After a `(` we expect a `)`,
but possibly very long afterwards,
[e.g. in the definition of `pl.Trainer.__init__`](https://pytorch-lightning.readthedocs.io/en/stable/_modules/pytorch_lightning/trainer/trainer.html#Trainer.__init__),
and similarly we expect a `]` at some point after a `[`.

For translation variance, consider
that we interpret `*` not by
comparing it to its neighbors
but by looking at `a` and `b`.
We mix knowledge learned through experience
with new facts learned while reading --
also known as _in-context learning_.

In a longer text,
[e.g. the one you are reading now](./lab03_transformers.ipynb),
the translation variance of text is clearer.
Every lab notebook begins with the same header,
setting up the environment,
but that header never appears elsewhere in the notebook.
Later positions need to be processed in terms of the previous entries.

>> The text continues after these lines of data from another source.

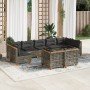 Set de sofás de jardín 8 piezas y cojines ratán sintético negro
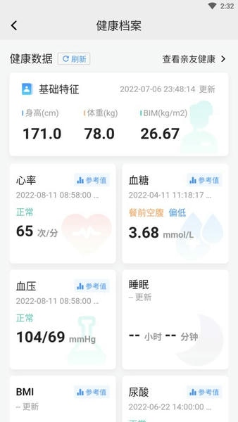 数智家医app是近几年热度较高的家庭健康管理平台,利用此软件大家不仅能看到自己的健康数据,同时也能掌握家庭亲友们的健康信息哦,像个人实时身高体重、心率、血压学糖等数值都能在上面看到,另外它还支持用户在线查体验报告!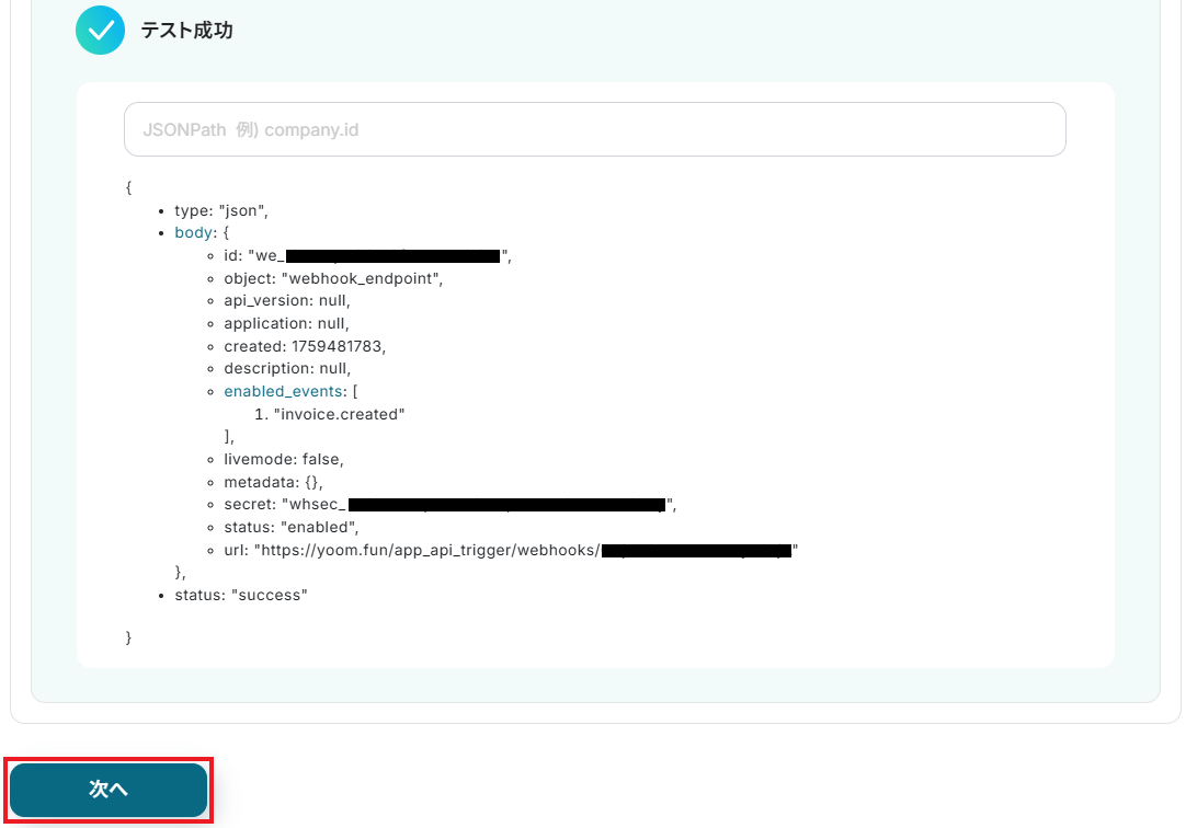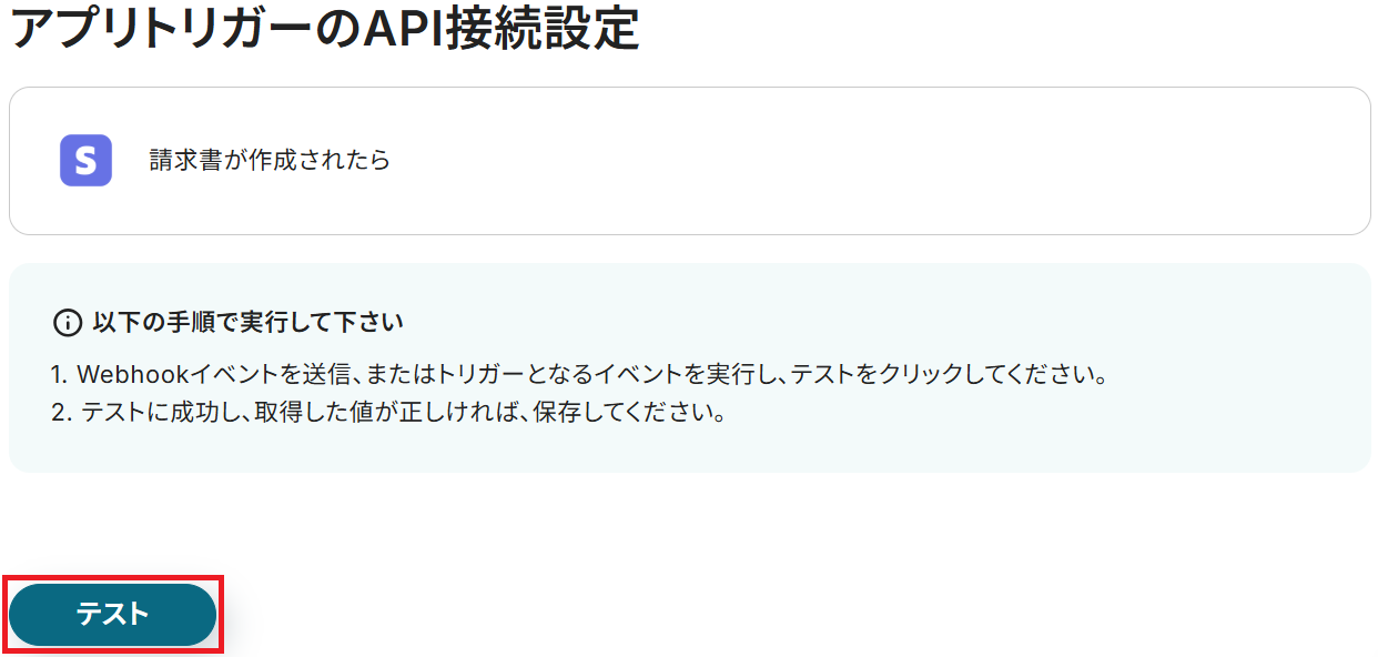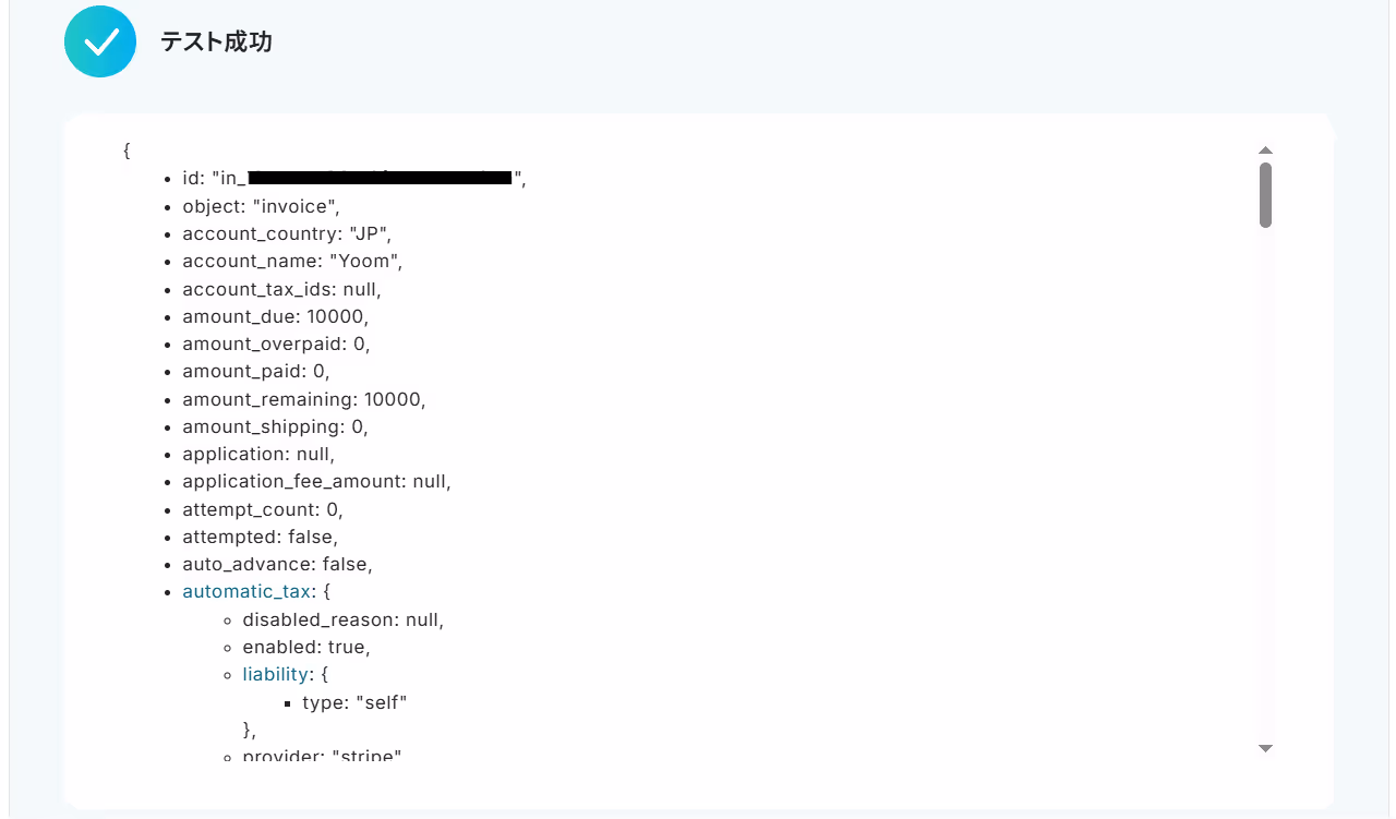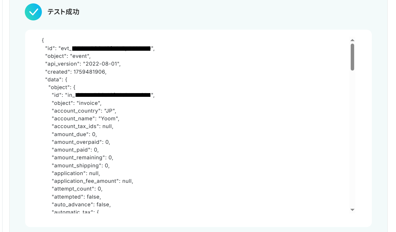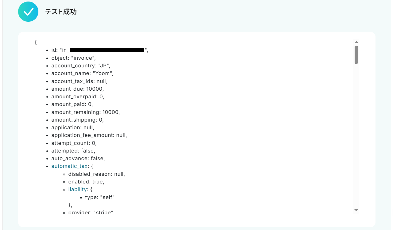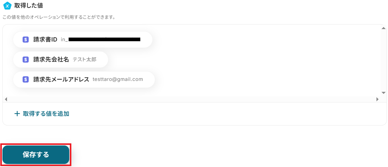 テストが成功するとテスト成功画面と取得した値が表示され、Stripeの請求書データが確認できます。「保存する」をクリックして完了です!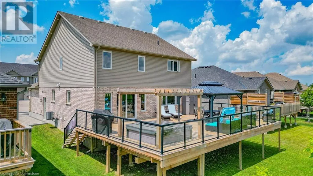 Highway 6 North, to Wellington Road to Palmerston, Main st to Bridge Crescent. WELCOME TO 122 Bridge Crescent located in a family friendly neighbourhood in Palmerston. Just about 50 minutes from Kitchener, Waterloo and Guelph. This stunning and spacious 2 storey detached home is sure to impress. Lots of natural lights, high ceiling, spacious rooms and high end finishes. The main floor open concept design is suited for entertaining guests, kitchen and dining overlooks a 1250 sq.ft. oversized deck with access both sides of the house, covered gazebo and a hot tub. The fully finished basement is complete with 3-pc bath, a family room, and a sauna. Camera/Security system, Air purifier, Water softener, 9 Parking spaces, Heated garage, driveway illuminator and 2 sheds. (id:27476)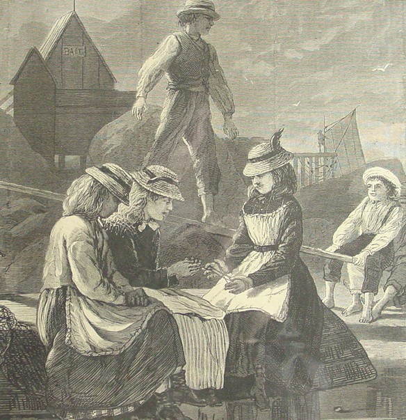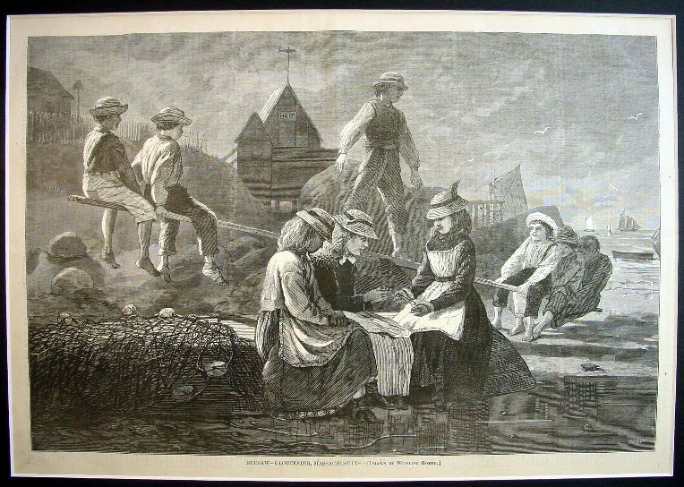 This classic Winslow Homer was done at the apex of his artistry in engraving from the famous Gloucester series of engravings. The author of "Winslow Homer's Magazine Engravings," Philip C. Beam, notes that prior to his move to Prout's Neck, Maine "an accent on carefree youth had always been prominent in Homer's work and he brought it to a climax in the mid-seventies with his 'children's series.' The best known of these are also masterpieces of his work in the engraving field" and Beam includes in this category the print offered here, "the SeeSaw-Gloucester." Below is a close-up of this fine print.

Unlike an image, we cannot simply rotate or translate our "camera"
and get a new valid text.
[Rare is the book](https://en.wikipedia.org/wiki/Dictionary_of_the_Khazars)
that can be read without regard to position.

The field of formal language theory,
which has deep mutual influence with computer science,
gives one way of explaining the issues with convolutional networks:
they can only understand languages with _finite contexts_,
where all the information can be found within a finite window.

The immediate solution, drawing from the connections to computer science, is
[recursion](https://www.google.com/search?q=recursion).
A network whose output on the final entry of the sequence is a recursive function
of all the previous entries can build up knowledge
as it reads the sequence and treat early entries quite differently than it does late ones.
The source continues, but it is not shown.